Can you please elaborate a bit? Thanks
Sure! So the set of cells that are >S manhattan distance away from a cell forms a diamond. In the dp, we need to take a max of dp values of cells that are NOT in this diamond. This can be split in to 4 regions of contiguous diagonals (one from each corner).
Actually there are 2 types of diagonals, one indexed by $$$x+y$$$, other by $$$x-y$$$. The $$$x-y$$$ diagonals are parallel to the orange and blue lines; and $$$x+y$$$ to the purple and green.

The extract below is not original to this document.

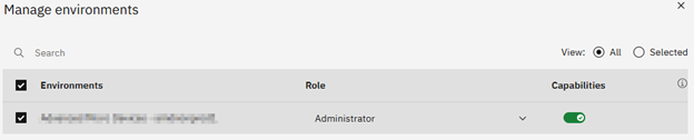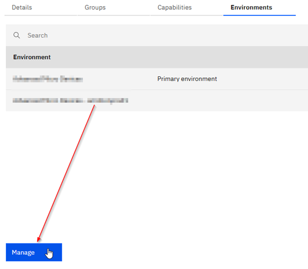 For non-production environments in the cloud, an administrator will need to enable capabilities on the user account in order to access Drive Explorer. To do this you will log into your non-prod environment and go to Users and Groups in Administration. When you click on a user you will notice that there is no Capabilities tab by default. You need to click on the Environments tab and then select the non-prod environment and then click “Manage” at the bottom.

Process cells in decreasing order of A. Let $$$dpsum[d]$$$ be the maximum dp value over processed cells $$$(x,y)$$$ with $$$x+y=d$$$. Let $$$dpdif[d]$$$ be the maximum dp value over processed cells $$$(x,y)$$$ with $$$x-y=d$$$. The answer for cell (x,y) is
$$$A_{x,y}+max ( max_{d<x+y-S \ or\ d>x+y+S} \ dpsum[d], max_{d<x-y-S \ or\ d>x-y+S} \ dpdif[d]) $$$
When we get the answer for $$$(x,y)$$$ we set $$$dpsum[x+y]$$$ to $$$max(dpsum[x+y], ans)$$$ and update $$$dpdif$$$ similarly.
We can compute these suffix/prefix maximums and update the dp in $$$O(log(n))$$$ with a segtree.
Code: https://www.codechef.com/viewsolution/58784071
Thanks a lot! That's a great explanation. I couldn't find a way to query the remaining region.
rating update when??why so late?
why not ratting updated yet?
Go to the section where all coders rating is shown rating has updated there.
The ratings have been updated for all. For users who were affected by the issue in PREFPERM, and who would have had their ratings decrease, we have made the contest unrated for them (ie. +0 rating change). There were 286 such users across all divisions.
Thanks CodeChef_admin for this considerate decision. I spent almost an hour in trying to fix the solution for that problem, and I did not consider at all the likelihood that the reason for getting WA from the automatic judge would be an issue in the problem checker.